Há já algum tempo que não tinha necessidade de falar contigo, mas hoje depois de uma insónia daquelas em não preguei olho a noite inteira, também pudera, por aqui ontem fez tanto calor, e eu sem saber o que fazer em mais um dia de folga, onde tudo e todos trabalham menos eu, dormi, regaladamente a tarde toda, fazes o favor de não rir, querias que andasse na rua a queimar os neurónios, era só o que me faltava.
Como te estava dizendo não dormi a noite passada, mas ao contrário de outras noites de insónia, ao fim de algum tempo de infelicidade senti-me feliz, feliz por estar viva, feliz por ter uma imaginação fértil que me transporta para outros mundos e me mostra campos floridos no Inverno.
Tudo isto apenas para te dizer que escrevi em cada minuto de insónia, ah pois tu ainda não sabes, mas ando ás voltas com um romance, um destes dias mostro-te um capítulo, mas do meio da história que é para aguçar o apetite.
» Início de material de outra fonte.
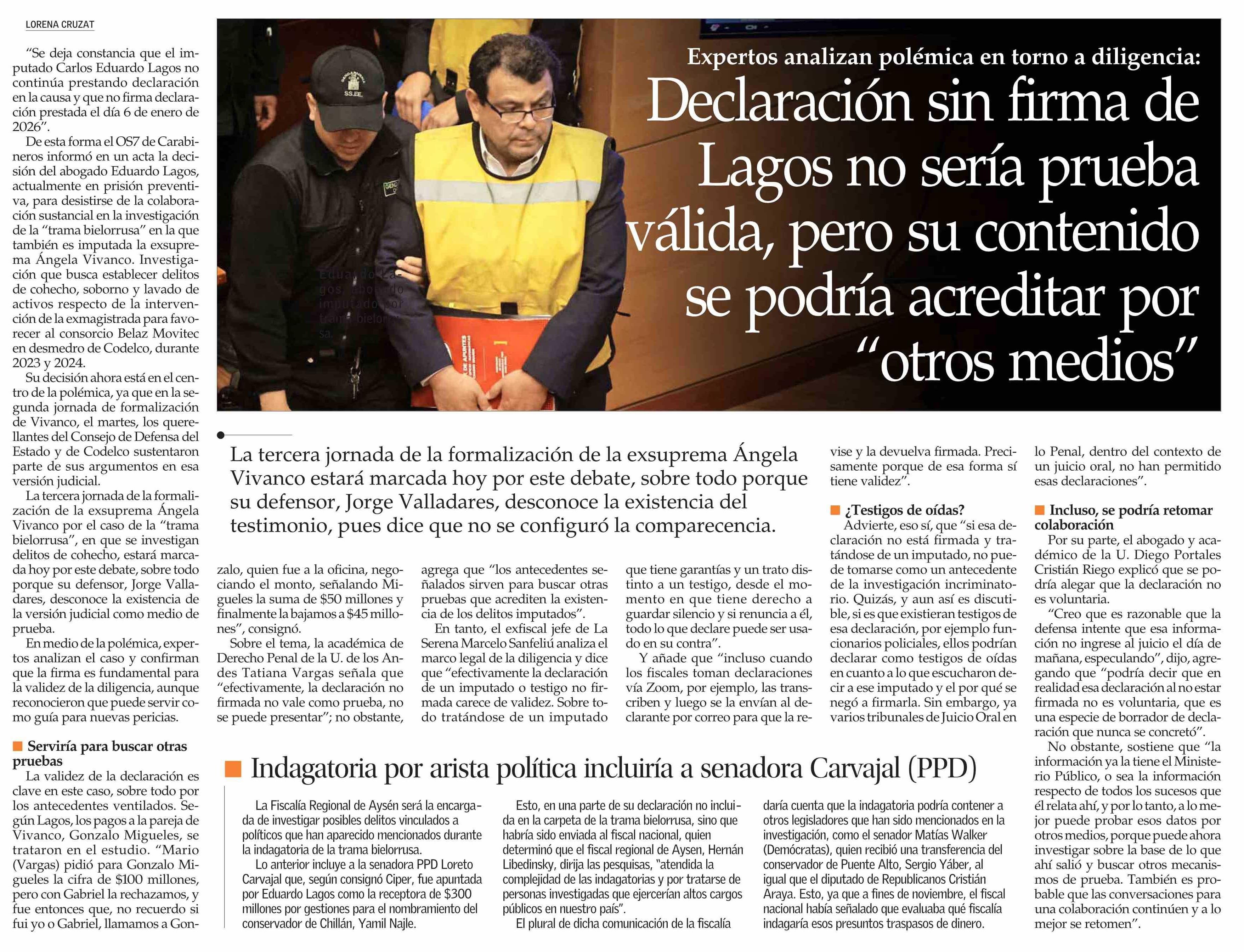 Declaración sin firma de Lagos no sería prueba válida, pero su contenido se podría acreditar por “otros medios”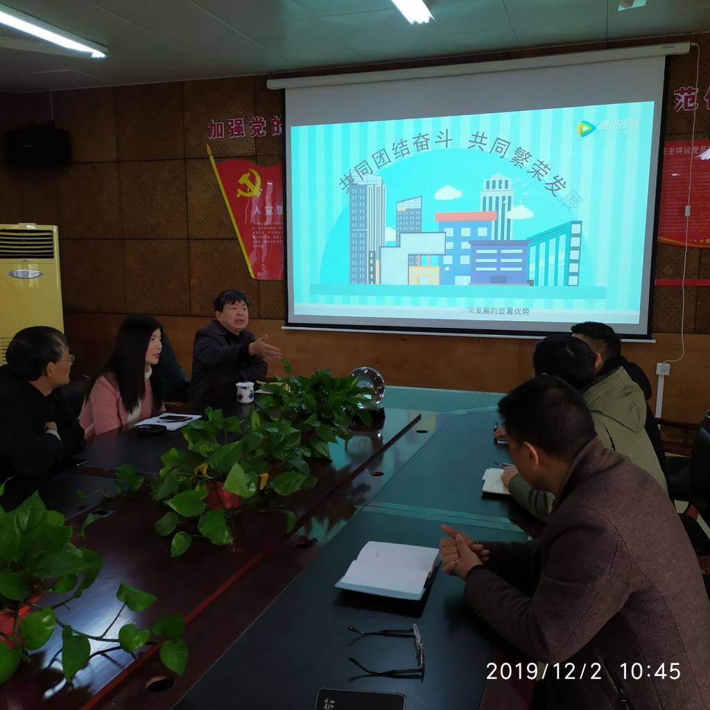 全体与会人员观看了十九届四中全会视频,党的十九届四中全会是在新中国成立70周年之际、在“两个一百年”奋斗目标历史交汇点上,召开的一次具有开创性、里程碑意义的重要会议。全会审议通过的《中共中央关于坚持和完善中国特色社会主义制度、推进国家治理体系和治理能力现代化若干重大问题的决定》,为坚定制度自信、实现伟大梦想提供了根本遵循、指明了正确方向。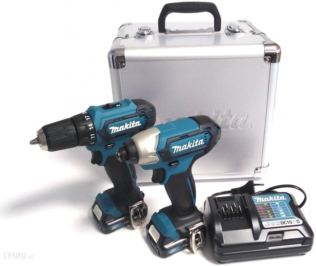 Wyposażenie standardowe:Wiertarko wkrętarka – DF333DZakrętarka udarowa – TD110DŁadowarka DC10WDAkumulatory 2 x BL1016 (1,5Ah)Walizka transportowa aluminiowa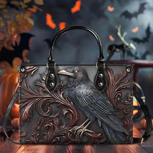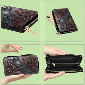 Goth Crow Leather Handbag With Wallet, Gothic Bags, Leather Bags For Women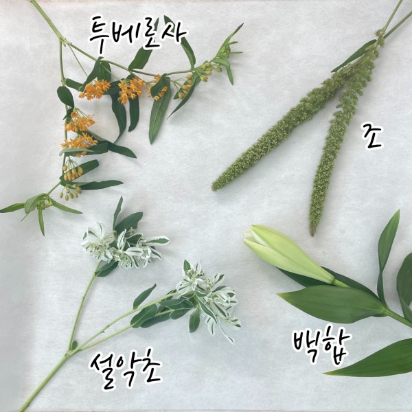 백합과 투베로사, 설악초, 조입니다.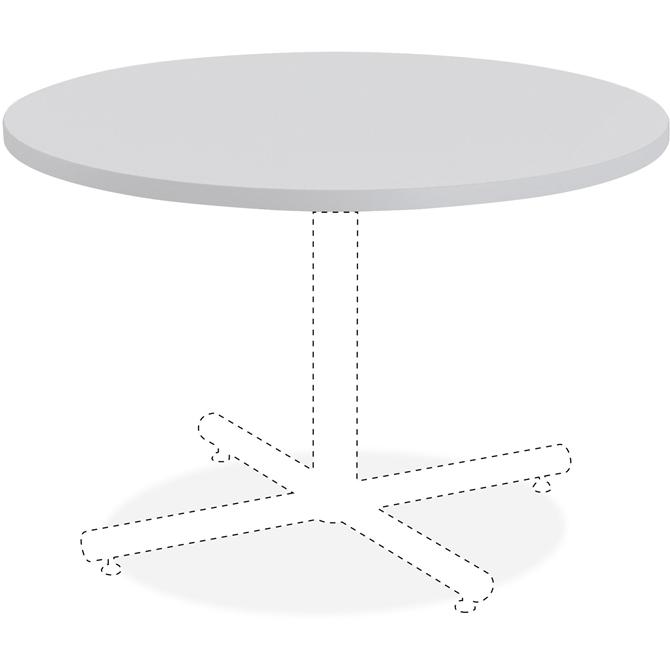 As part of the Lorell Hospitality Table Collection, this round tabletop is ideal for cafeterias or breakrooms. 1-1/4" thick top is made with high-pressure laminate for an inviting place to meet or snack. Durable, stain-resistant, scratch-resistant laminate is thermofused on the top and bottom to 45 lb. density particleboard core. Design features a matching light gray, vinyl T-mold edge. Tabletop also includes a pre-drilled hole for easy mounting of the X-leg base (sold separately).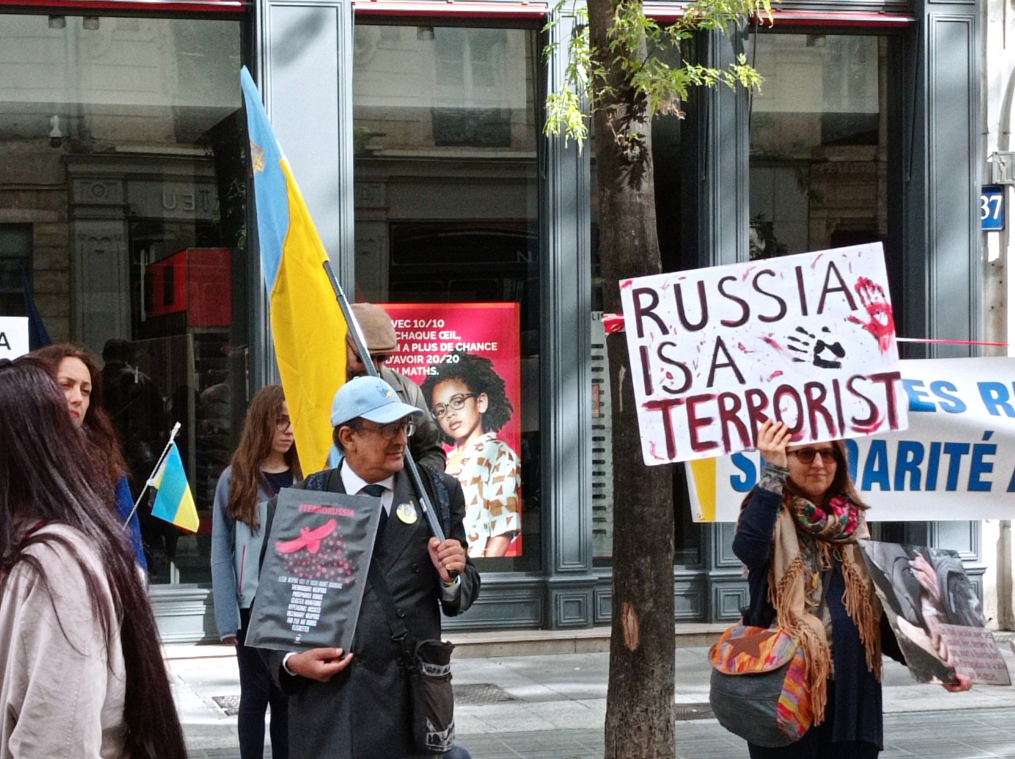 В акції взяли участь представники української діаспори й французи, які підтримують Україну і засуджують вторгнення росії та її воєнні злочини. Активісти тримали плакати, на яких було зазначено, що "росія – держава-терористка".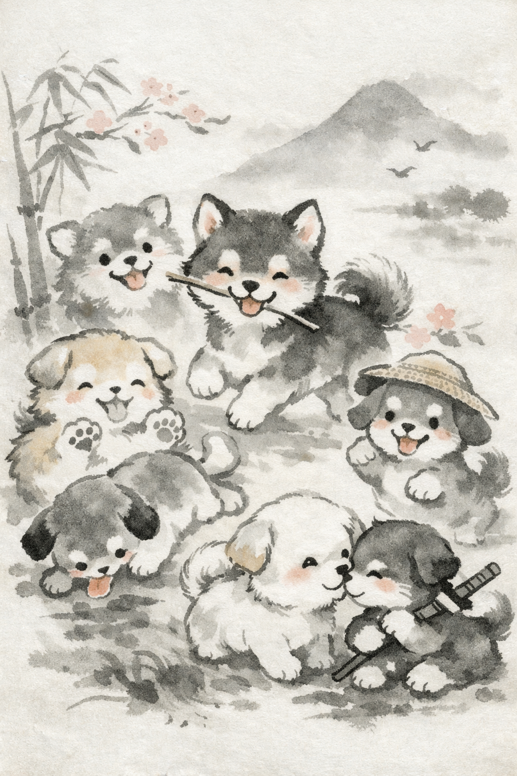 Cute and playful Japanese-inspired song with a strong traditional feeling, Light and bouncy tempo like small footsteps on a wooden engawa, Clearly Japanese pentatonic melodies, Soft koto and shamisen lead, with gentle shakuhachi phrases played playfully, not solemn, Light taiko, tsuzumi, wooden clappers, hand bells, and simple festival-style percussion, Sound is round, warm, and fluffy, Vocal is very cute and friendly, like a children’s song storyteller, with small playful calls such as “wan!” or “yoisho!” used naturally, Atmosphere feels like puppies joyfully running around a small shrine courtyard, Wholesome, cozy, and heartwarming, No dark tones, no epic drama, no modern pop gloss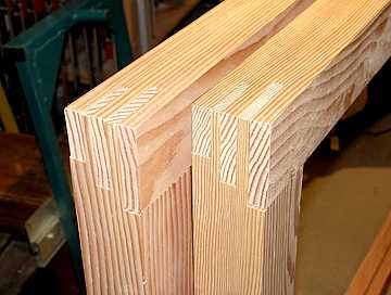- Стягивающая рамка изготавливается из обвязных брусков, которые должны быть толще, чем филенки на 5 мм. Бруски отфуговывают и отшлифовывают, а затем соединяют при помощи шипов с проушинами.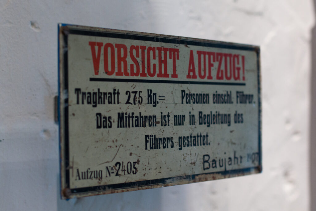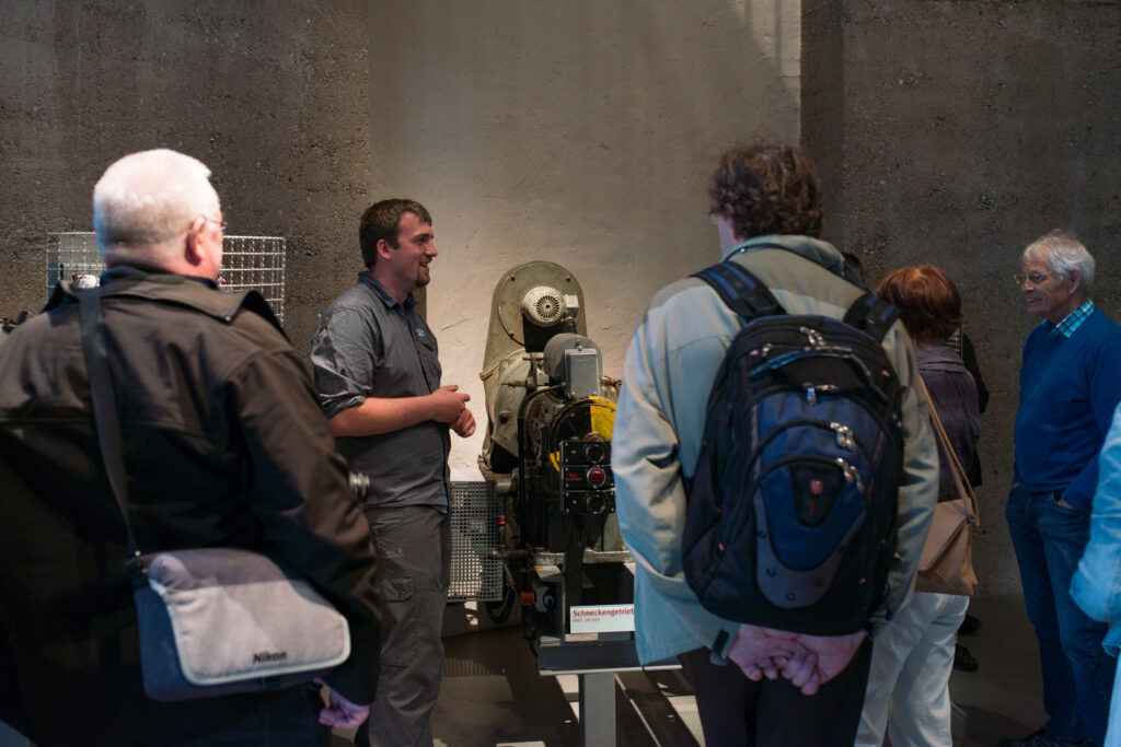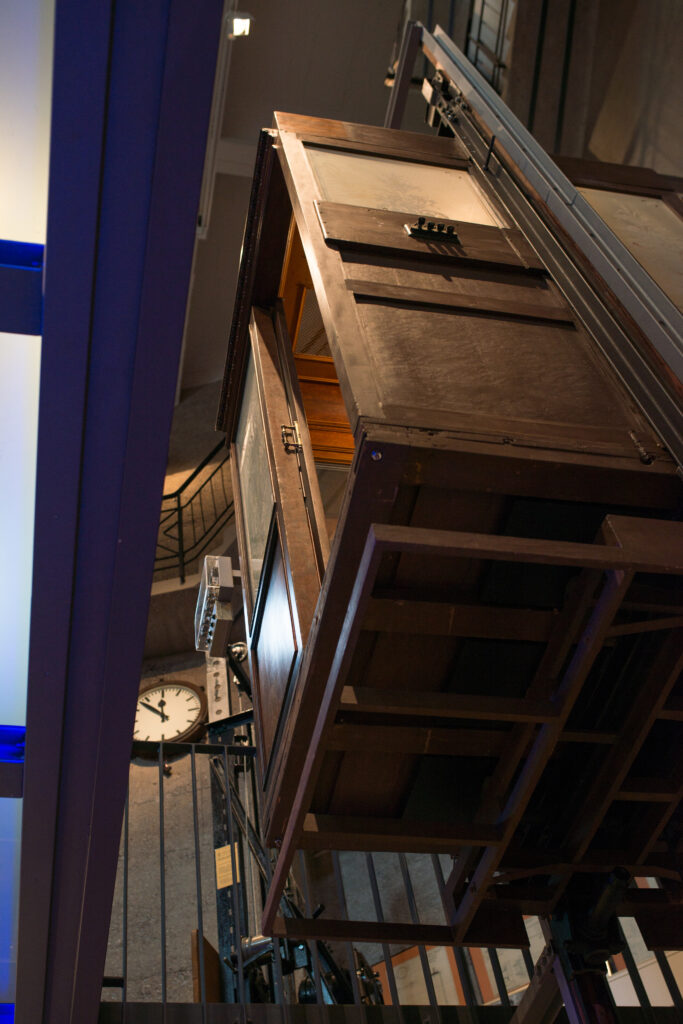 Bei der anschließenden Führung gab es dann neben den erwarteten Higlights, wie den voll funktionsfähigen Pater Noster und den Odenwälder Mühlenaufzug, einiges zu entdecken und zu »erhören«. Denn (fast) alle Aufzüge, Maschinen etc., die bei Lochbühlers ausgestellt sind, funktionieren auch und demonstrieren z.B., dass das leise Surren eines heute gebauten hydraulischen Aufzugs Ergebnis eines langen Entwicklungsprozess war. Und auch die Funktionsweise von Fangvorrichtungen wird am »laufenden Objekt« eindrücklich demonstriert.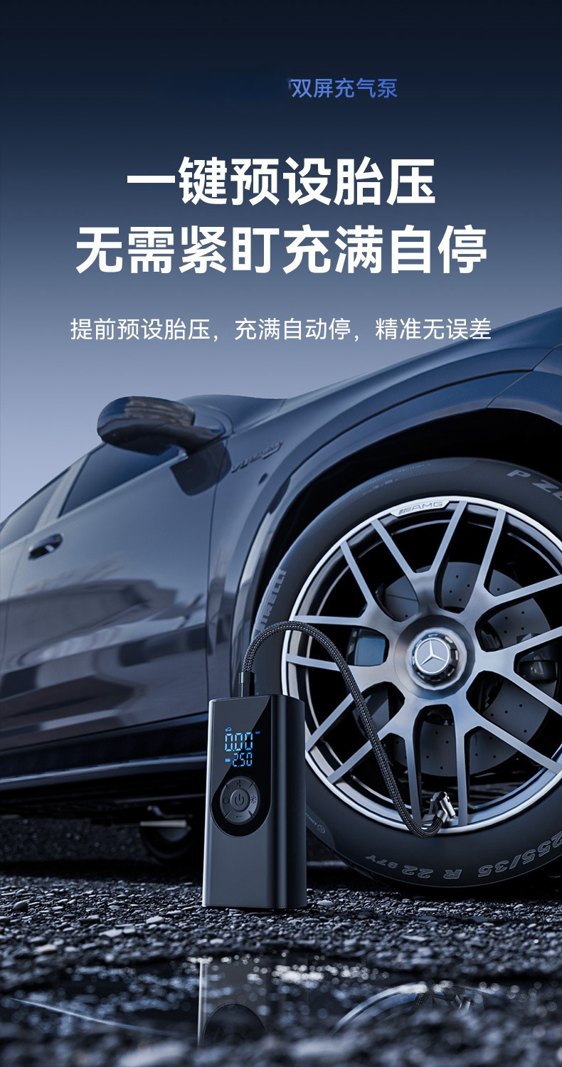 2025 車のエアポンプワイヤレスデジタルディスプレイデュアルスクリーンエアポンプタイヤポンプ電動ポンプカー用品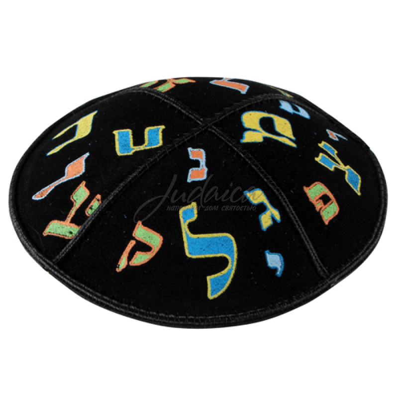 Замшевая детская кипа черного цвета с кромкой, украшена буквами еврейского алфавита.

Escrevi uns versos também, tenho gostado de escrever o bem-dito romance que nunca mais está pronto, ainda não decidi se o cavaleiro mata o cavalo e fica com a dama, é que esta coisa de pensar que se é escritor é mais complicado do que parece. Voltando aos versos.
É nos versos que me dispo e dispo o mundo, é nos versos que me embalo, que procuro e descubro o amor, são os versos que me saram a alma, que me beijam e me dizem não pares nunca, porque precisamos de ti.
Mas tenho uma mágoa que nunca te contei, queria também ter uma costela que precisasse de mim e que sentisse de peito aberto, que eu também preciso.